We still go out to the driveway to pick it up. Our current delivery person is excellent – the paper is always there way before 7 a.m. I will be sending a holiday bonus. A previous delivery person was habitually late, and I would be camped out in the driveway pacing and waiting. I called and called until finally someone more punctual took over.

In my infinite generosity, I give Dale the front page first. We pass sections back and forth over the breakfast table, sometimes interrupted by our cat, who loves to sit on top of whatever you are trying to read. We both love the food section. I read obituaries and advice columns, and I seek out crossword puzzles and all variety of what might be called soft news. Dale calls it fluff. If the section is called Style or Entertainment, I’m in.

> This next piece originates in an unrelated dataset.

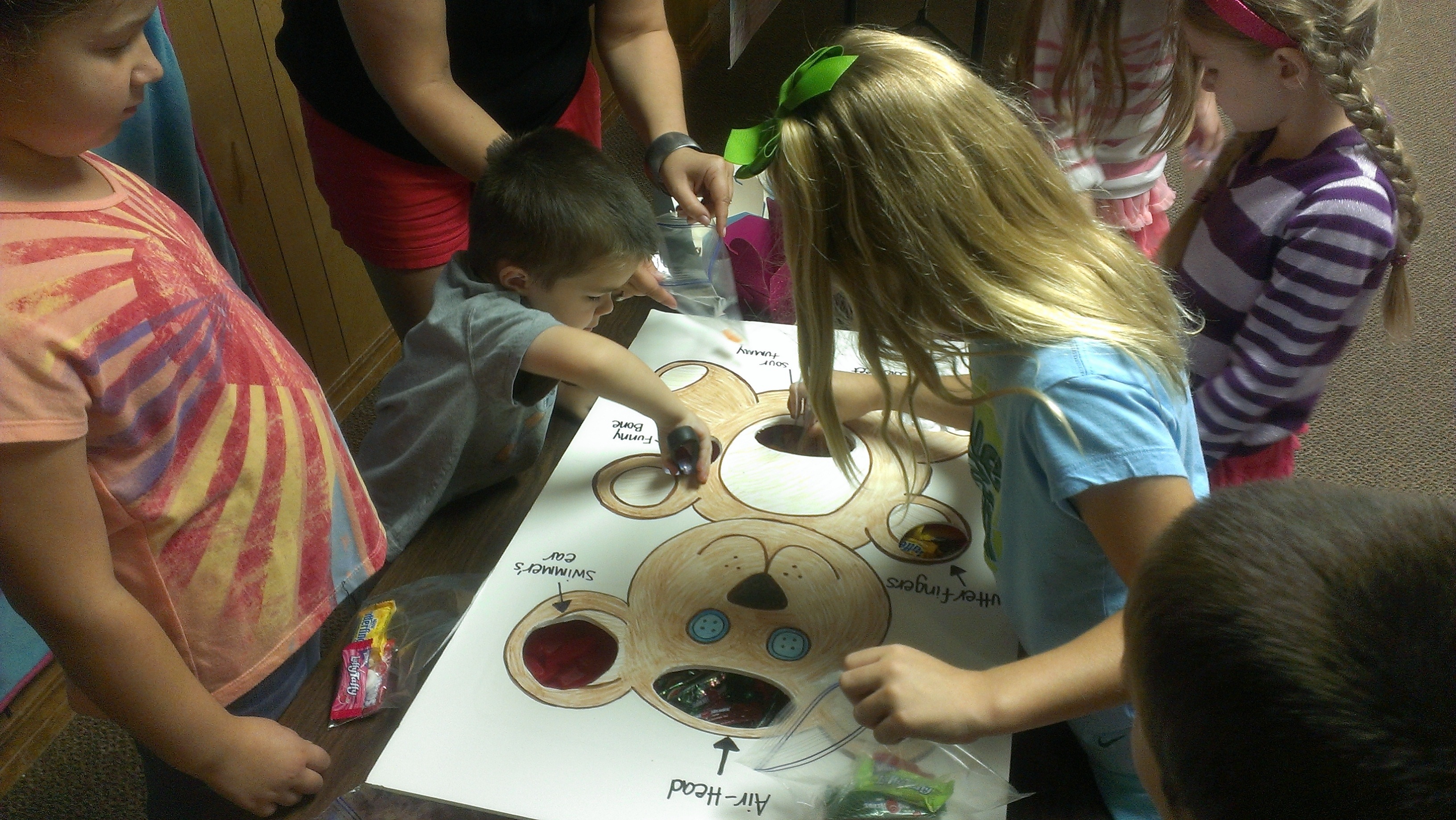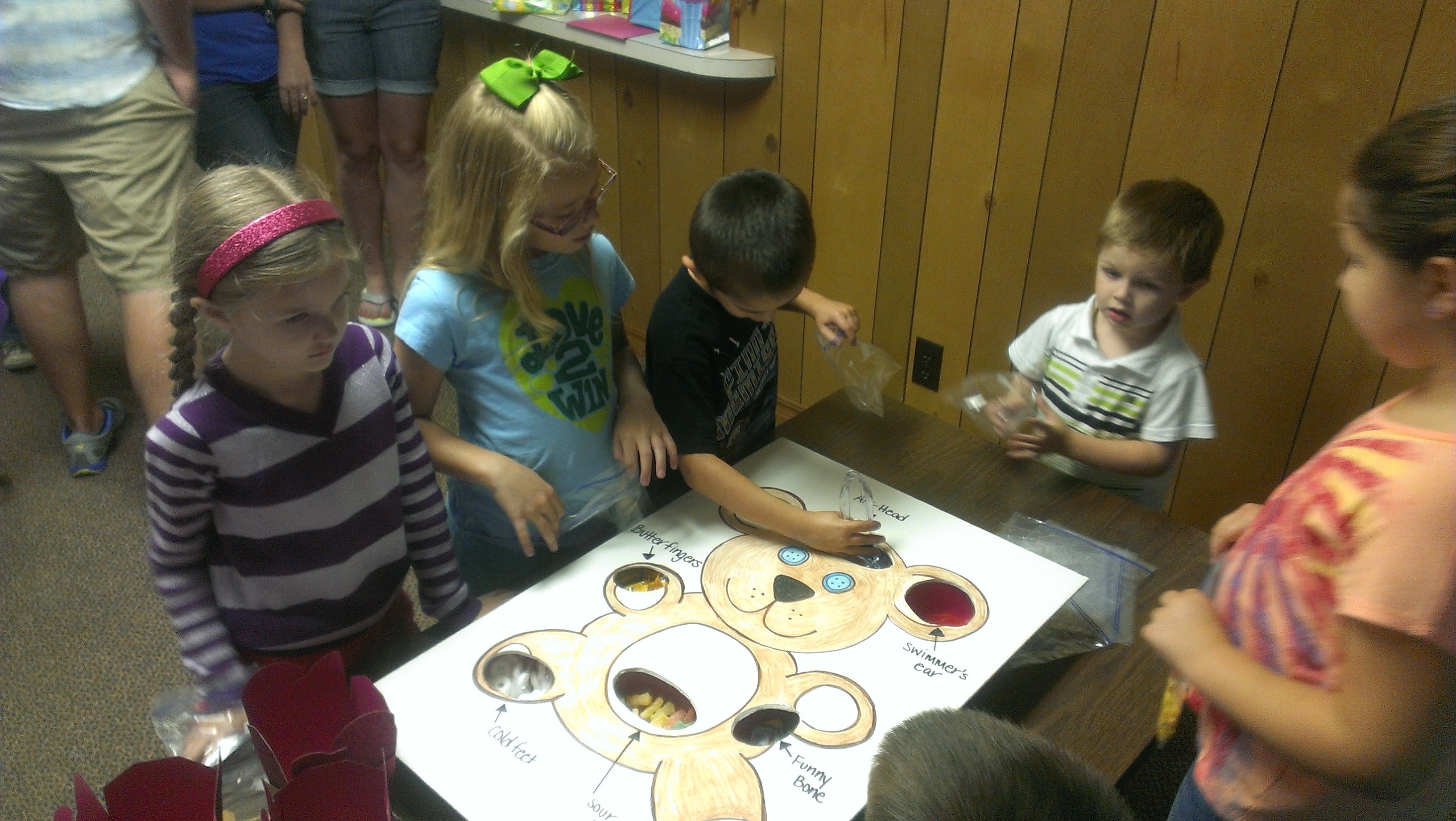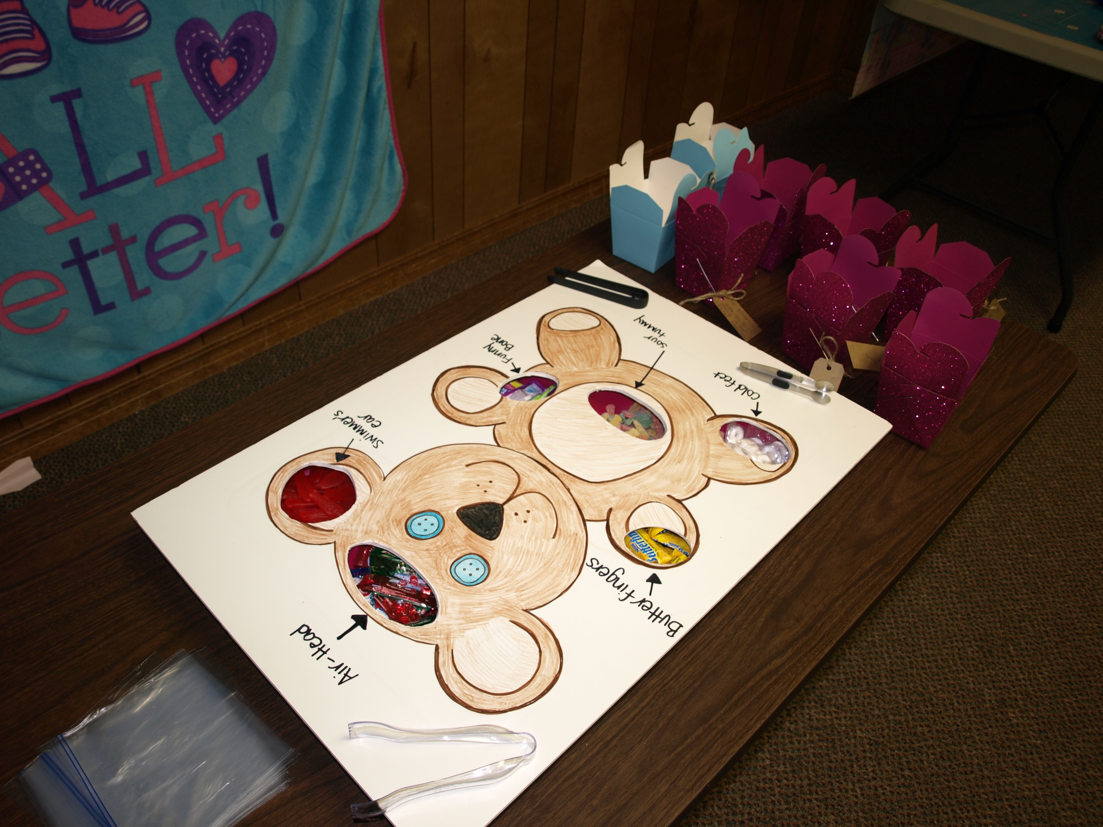 The bear is hand drawn by me on foam board, colored and cut out small circles for the candy. The head has the sign, “Airhead” and is a small bowl with little airhead candies inside. The ear is labeled, “Swimmer’s Ear” and has Swedish fish in a small bowl. The elbow is labeled, “Funny Bone” and has laffy taffy in a small bowl. The stomach is labeled, “Sour Tummy” and has sour patch kids in a small bowl. The foot is labeled, “Cold Feet” and has individually wrapped wintergreen lifesavers inside a small bowl. The hand is labeled, “Butterfingers” and has a small bowl full of mini butterfingers candy bars. I think the kids loved it!

However, Dale religiously reads the comics. Every single one of them, even the ones that suck. I don’t read the comics. It’s some sort of impairment. Against my will, Dale will read aloud from one of the strips, trying to make me see the humor, and sometimes I actually do.

For example, Dale told me about a line from the comic strip Pearls Before Swine. In short, after a discussion about all the things we eat that aren’t good for our health, the character in the strip says he does it anyway.

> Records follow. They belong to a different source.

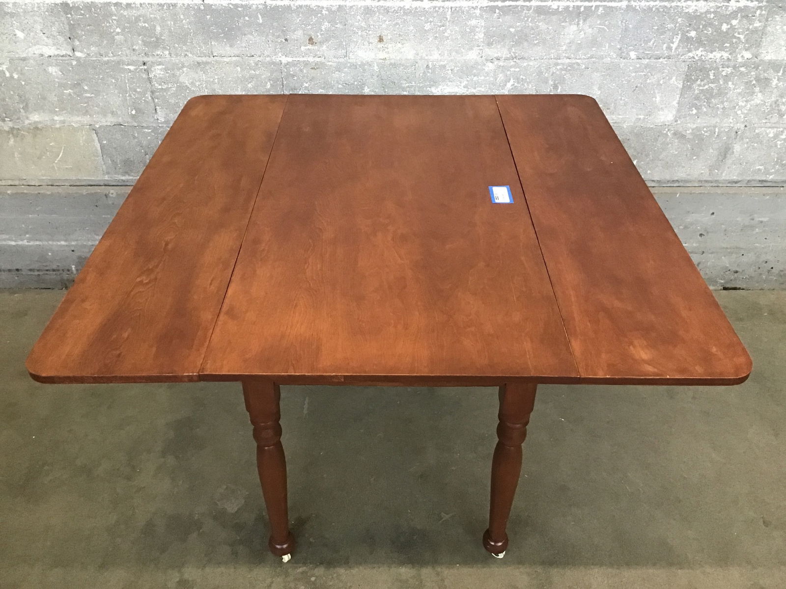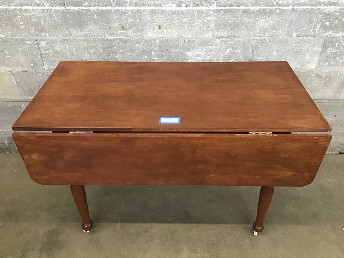 Dark stained maple dining table that rolls on four casters and has two fold-down leaves that add 22.5" to the total width of the table. Really clean and in good condition.
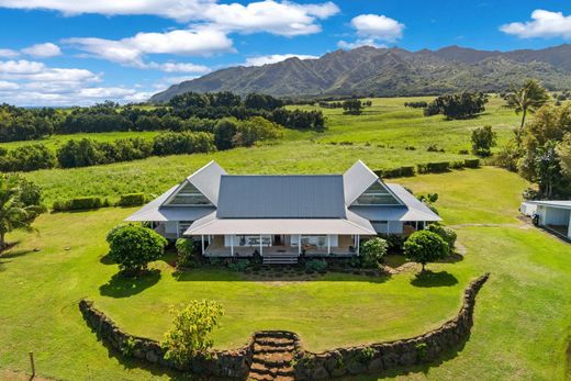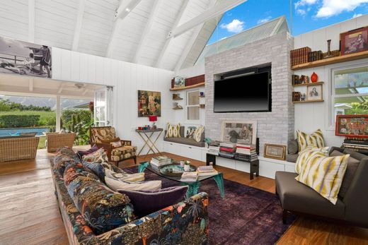 Designed by Santo Giorgio and built in 2017, this stunning home is a masterpiece of Hawaii’s contemporary plantation-style architecture. Situated on nearly 3 acres and bordering 500 acres of ranch land, the property offers panoramic views of the iconic Waipake mountain range. Relax in your brand-new custom salt water pool with complete privacy and gorgeous views! Spanning 2,192 sqft of interior space with over 1,200 additional sqft of covered outdoor lanais, the 4-bedroom, 4-bathroom home is a harmonious blend of modern design and Hawaiian living. Triangular glass gable windows flood every room with natural light during the day and offer breathtaking stargazing at night. Each room opens to teak-covered lanais, effortlessly blending indoor and outdoor spaces around a lushly landscaped central courtyard and pool. Designed with comfort and views in mind, the great room, outdoor spaces, and ensuite primary bedrooms capture sweeping vistas and stunning sunrises. The ensuite bathrooms, featuring outdoor showers and a soaking tub, are designed for privacy and relaxation, embracing the island lifestyle. Each room is climate controlled with a newly installed split system AC. Sold mostly furnished with high end finishes and decor. The thoughtfully landscaped grounds include vibrant tropical plants, a manicured lawn, and a fruit orchard with citrus, bananas, and avocado trees that provide year-round enjoyment. Additional property features include a carport with storage and a potting area, an agricultural shed, and a beautifully hand-carved Balinese teak bale. Property is completely fenced, including a sprawling horse pasture, making this the perfect equestrian sanctuary. Conveniently located off a quiet country road, the home is within walking distance to Larsen's beach and a short drive to several stunning beaches, farmers’ markets, shopping, and dining. With everything this home offers, you’ll find it hard to leave this idyllic Hawaiian sanctuary.
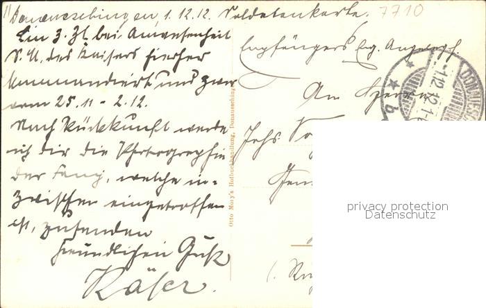 31884613 alte Postkarte Donaueschingen postalisch gelaufen Feldpost Erhaltung siehe scans KatCode: 11110008326012
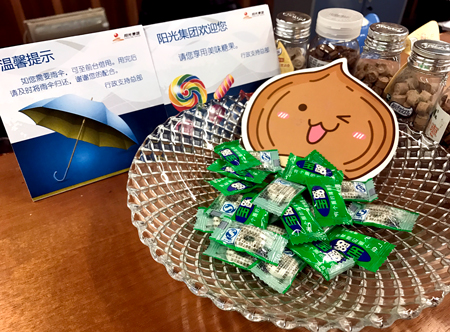 走近陽光前臺(tái),除了擺放整齊的各類登記表格,還有就是“陽光集團(tuán)歡迎您——請(qǐng)您享用美味糖果”、“溫馨提示——如您需要雨傘,可至前臺(tái)借用,用完后請(qǐng)及時(shí)將雨傘歸還”等,糖盆上還倚著手繪版笑容滿面的小洋蔥。
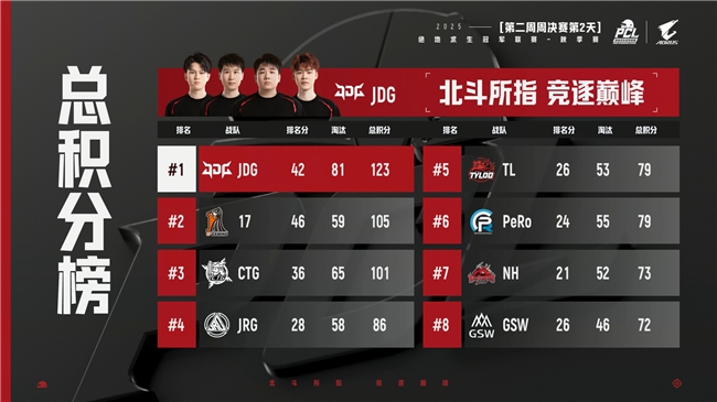 在9月14日 的第二阶段积分结算时,表现出色的JDG以123分稳稳占住榜首,随后是17占队和CTG,而来自JDG战队的SuZe则是获得了本轮的战神榜第一名。

“Because life is an amusement park.

And while you’ll stay there longer, all the rides will be closed.”

I laughed out loud, but damn, that hits close to home.

Then it was my turn. From the fuzzy animal section, I shared news that a female lion in the Indianapolis Zoo killed her boyfriend. Or mate, or whatever they call him. The father of her three cubs. They’d been together eight years. As I read it to Dale, we learned it was highly unusual for a female to dominate like that, and they don’t really understand what happened.

Dale said he probably left the toilet seat up.

Our local paper also reprinted a feature about NPR’s Terry Gross originally published in The Washington Post. The interviewer said, “You’ve interviewed tens of thousands of guests. Can you share any advice from any of your guests that has particularly affected you?”

This was her response:

Live your life, live your life, live your life.

She said it was a quote from Maurice Sendak, who was nearing death when he said it. She continued:

I do that mantra a lot. It’s just so easy to get caught up in the problems of day-to-day life, that you forget to kind of pull back a little and put everything in perspective and realize it’s the only life you have and make the best of it.

I like my shrinking morning newspaper, those little bundles of fun. Dale and I enjoy the experience of exploring it together. Even if we zip through the newspaper in 10 minutes, the morning doesn’t seem complete without it. We learn new things, sometimes we get mad and we almost always laugh.

All journalists make mistakes from time to time, and certainly there’s bias, but I don’t believe journalists are the enemy of the people, and it’s not fake news. My thought is to pay attention, read broadly with a discerning eye, slow down to enjoy the fluff and live your life, live your life, live your life.